____ Material to process

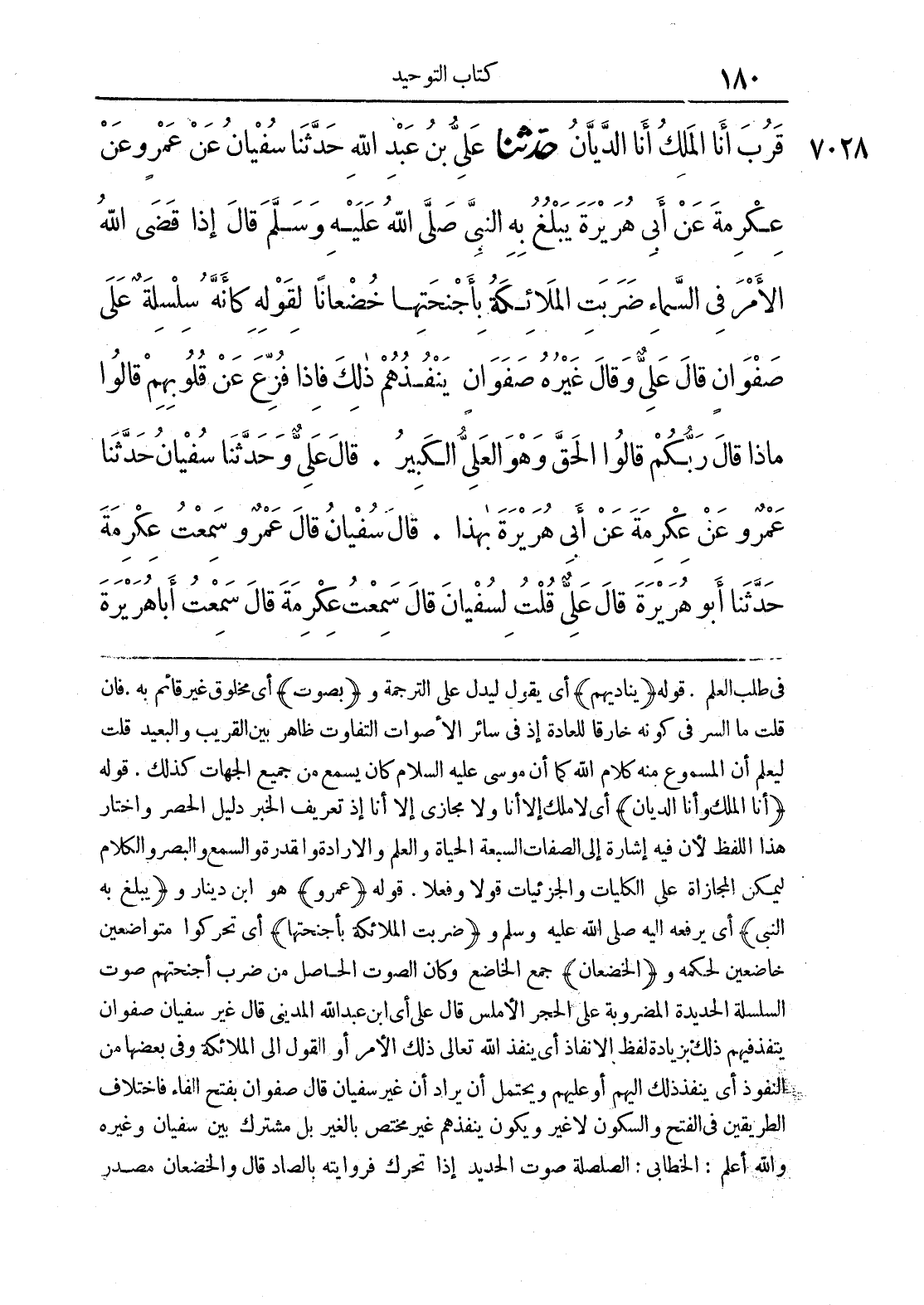 7028 - حَدَّثَنَا عَلِيُّ بْنُ عَبْدِ اللَّهِ حَدَّثَنَا سُفْيَانُ عَنْ عَمْرٍو عَنْ عِكْرِمَةَ عَنْ أَبِي هُرَيْرَةَ يَبْلُغُ بِهِ النَّبِيَّ صَلَّى اللَّهُ عَلَيْهِ وَسَلَّمَ قَالَ إِذَا قَضَى اللَّهُ الْأَمْرَ فِي السَّمَاءِ ضَرَبَتْ الْمَلَائِكَةُ بِأَجْنِحَتِهَا خُضْعَانًا لِقَوْلِهِ كَأَنَّهُ سِلْسِلَةٌ عَلَى صَفْوَانٍ قَالَ عَلِيٌّ وَقَالَ غَيْرُهُ صَفْوَانٍ يَنْفُذُهُمْ ذَلِكَ فَإِذَا {فُزِّعَ عَنْ قُلُوبِهِمْ قَالُوا مَاذَا قَالَ رَبُّكُمْ قَالُوا الْحَقَّ وَهُوَ الْعَلِيُّ الْكَبِيرُ} قَالَ عَلِيٌّ وَحَدَّثَنَا سُفْيَانُ حَدَّثَنَا عَمْرٌو عَنْ عِكْرِمَةَ عَنْ أَبِي هُرَيْرَةَ بِهَذَا. قَالَ سُفْيَانُ قَالَ عَمْرٌو سَمِعْتُ عِكْرِمَةَ حَدَّثَنَا أَبُو هُرَيْرَةَ قَالَ عَلِيٌّ قُلْتُ لِسُفْيَانَ قَالَ سَمِعْتُ عِكْرِمَةَ قَالَ سَمِعْتُ أَبَا هُرَيْرَةَ
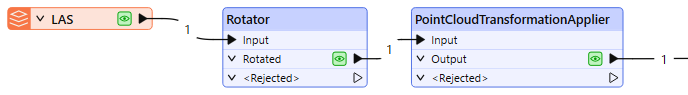 The PointCloudTransformationApplier receives point cloud features and applies transformations that are already present on the point cloud, recalculating the affected component values and removing the transformation from the feature.
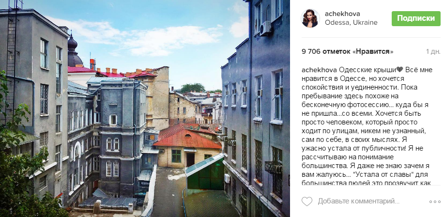 "Я ужасно устала от публичности! Ты не можешь уединиться, быть не в духе, не готовым к постоянному общению, быть хмурым или больным", - рассказала отчаявшаяся звезда. Особенно Анфисе обидно, что поклонники не понимают ее отказов сделать совместный снимок или дать автограф. "Друзья, я просто устала.. устала от того, что мало кто видит во мне человека", - пожаловалась звезда.
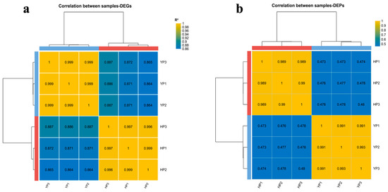 Heat maps of correlation: (a) DEGs and (b) DEPs.
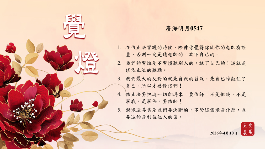 廣海明月0547 覺燈2 (2026/04/10) Post author:大覺晨曦編輯組 Post published:2026/04/11 Post category:覺燈 1. 在依止法實踐的時候,除非你覺得你比你的老師有證量,否則一定是聽老師的,放下自己的。2. 我們的習性是不習慣聽別人的,放下自己的!這就是修依止法的難點。3. 我們最大的反對的就是自我的習氣,是自己障蔽住了自己。所以才要修信啊!4. 依止法要把這一切翻過來,要依師,不是依我,不是學我,是學佛,要依師!5. 對境造善業是我們要決斷的,不管這個境是什麼,我要造的是利益他人的業。 累計閱覽數: 221 Read more articles Previous Post廣海明月0547 覺燈1 (2026/04/09) Next Post廣海明月0547 覺燈3 (2026/04/11)
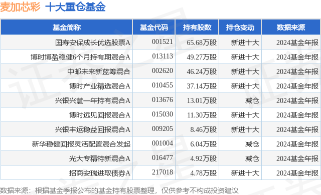 根据2024基金年报公募基金重仓股数据,重仓该股的公募基金共15家,其中持有数量最多的公募基金为国寿安保基金的国寿安保成长优选股票A。国寿安保成长优选股票A目前规模为5.21亿元,最新净值0.956(4月7日),较上一交易日下跌12.93%,近一年下跌9.38%。该公募基金现任基金经理为祁善斌 撒伟旭。祁善斌在任的基金产品包括:国寿安保核心产业混合,管理时间为2024年3月8日至今,期间收益率为3.34%。撒伟旭在任的基金产品包括:国寿安保新材料股票发起式A,管理时间为2023年11月6日至今,期间收益率为27.81%;
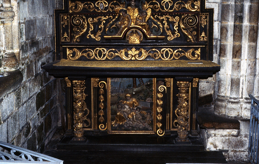 Autel, gradin d'autel, thabor (autel secondaire, autel table), de Notre-Dame de Pitié, (anciennement retable numéro 5), église paroissiale Notre-Dame-de-Roscudon (Pont-Croix),
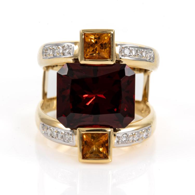 Garnet, Citrine and Diamond Ring
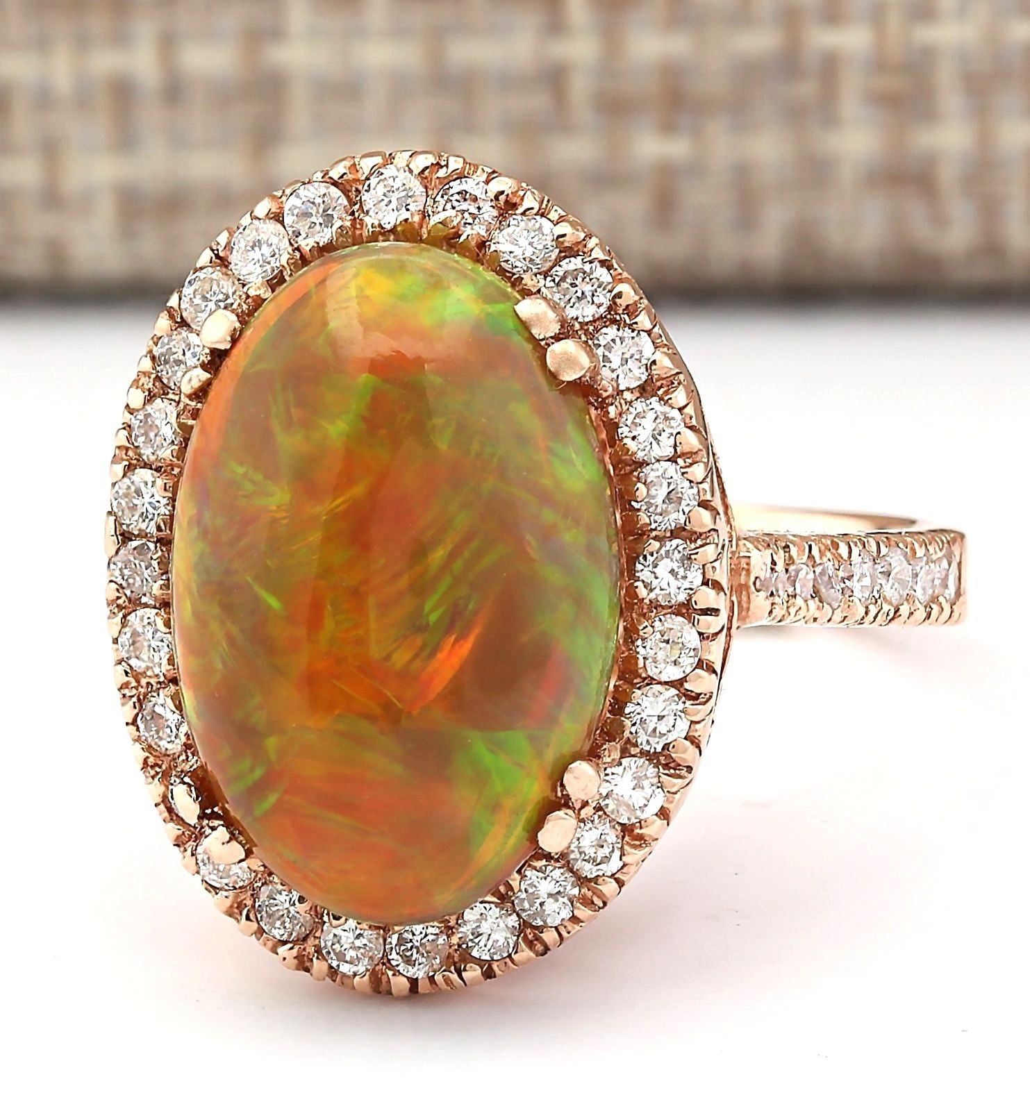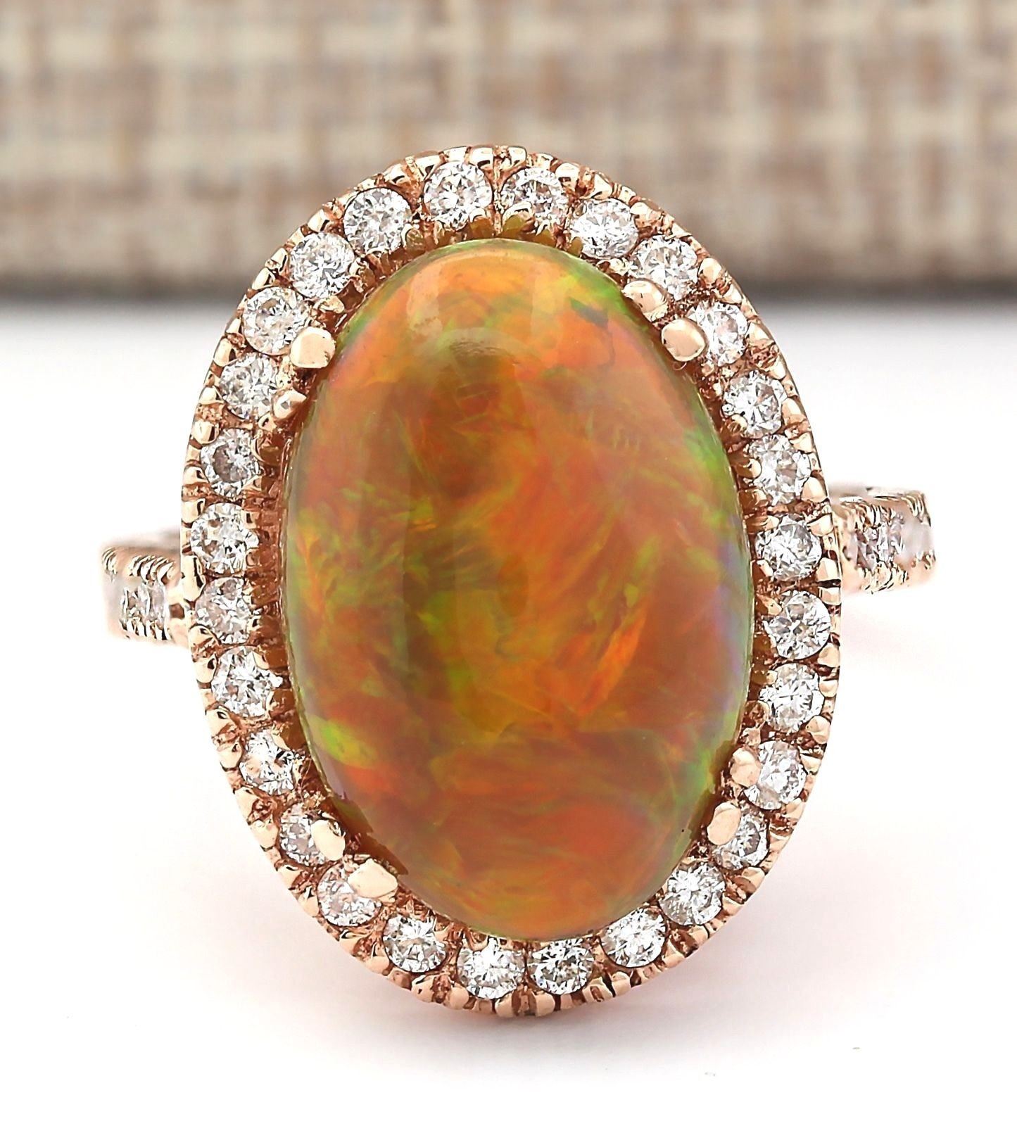 6.32 CTW Natural Opal And Diamond Ring In 18K Rose Gold

________

For every line above, produce an exact transcription that omits the images.

 7028 - حَدَّثَنَا عَلِيُّ بْنُ عَبْدِ اللَّهِ حَدَّثَنَا سُفْيَانُ عَنْ عَمْرٍو عَنْ عِكْرِمَةَ عَنْ أَبِي هُرَيْرَةَ يَبْلُغُ بِهِ النَّبِيَّ صَلَّى اللَّهُ عَلَيْهِ وَسَلَّمَ قَالَ إِذَا قَضَى اللَّهُ الْأَمْرَ فِي السَّمَاءِ ضَرَبَتْ الْمَلَائِكَةُ بِأَجْنِحَتِهَا خُضْعَانًا لِقَوْلِهِ كَأَنَّهُ سِلْسِلَةٌ عَلَى صَفْوَانٍ قَالَ عَلِيٌّ وَقَالَ غَيْرُهُ صَفْوَانٍ يَنْفُذُهُمْ ذَلِكَ فَإِذَا {فُزِّعَ عَنْ قُلُوبِهِمْ قَالُوا مَاذَا قَالَ رَبُّكُمْ قَالُوا الْحَقَّ وَهُوَ الْعَلِيُّ الْكَبِيرُ} قَالَ عَلِيٌّ وَحَدَّثَنَا سُفْيَانُ حَدَّثَنَا عَمْرٌو عَنْ عِكْرِمَةَ عَنْ أَبِي هُرَيْرَةَ بِهَذَا. قَالَ سُفْيَانُ قَالَ عَمْرٌو سَمِعْتُ عِكْرِمَةَ حَدَّثَنَا أَبُو هُرَيْرَةَ قَالَ عَلِيٌّ قُلْتُ لِسُفْيَانَ قَالَ سَمِعْتُ عِكْرِمَةَ قَالَ سَمِعْتُ أَبَا هُرَيْرَةَ
 The PointCloudTransformationApplier receives point cloud features and applies transformations that are already present on the point cloud, recalculating the affected component values and removing the transformation from the feature.
 "Я ужасно устала от публичности! Ты не можешь уединиться, быть не в духе, не готовым к постоянному общению, быть хмурым или больным", - рассказала отчаявшаяся звезда. Особенно Анфисе обидно, что поклонники не понимают ее отказов сделать совместный снимок или дать автограф. "Друзья, я просто устала.. устала от того, что мало кто видит во мне человека", - пожаловалась звезда.
 Heat maps of correlation: (a) DEGs and (b) DEPs.
 廣海明月0547 覺燈2 (2026/04/10) Post author:大覺晨曦編輯組 Post published:2026/04/11 Post category:覺燈 1. 在依止法實踐的時候,除非你覺得你比你的老師有證量,否則一定是聽老師的,放下自己的。2. 我們的習性是不習慣聽別人的,放下自己的!這就是修依止法的難點。3. 我們最大的反對的就是自我的習氣,是自己障蔽住了自己。所以才要修信啊!4. 依止法要把這一切翻過來,要依師,不是依我,不是學我,是學佛,要依師!5. 對境造善業是我們要決斷的,不管這個境是什麼,我要造的是利益他人的業。 累計閱覽數: 221 Read more articles Previous Post廣海明月0547 覺燈1 (2026/04/09) Next Post廣海明月0547 覺燈3 (2026/04/11)
 根据2024基金年报公募基金重仓股数据,重仓该股的公募基金共15家,其中持有数量最多的公募基金为国寿安保基金的国寿安保成长优选股票A。国寿安保成长优选股票A目前规模为5.21亿元,最新净值0.956(4月7日),较上一交易日下跌12.93%,近一年下跌9.38%。该公募基金现任基金经理为祁善斌 撒伟旭。祁善斌在任的基金产品包括:国寿安保核心产业混合,管理时间为2024年3月8日至今,期间收益率为3.34%。撒伟旭在任的基金产品包括:国寿安保新材料股票发起式A,管理时间为2023年11月6日至今,期间收益率为27.81%;
 Autel, gradin d'autel, thabor (autel secondaire, autel table), de Notre-Dame de Pitié, (anciennement retable numéro 5), église paroissiale Notre-Dame-de-Roscudon (Pont-Croix),
 Garnet, Citrine and Diamond Ring
 6.32 CTW Natural Opal And Diamond Ring In 18K Rose Gold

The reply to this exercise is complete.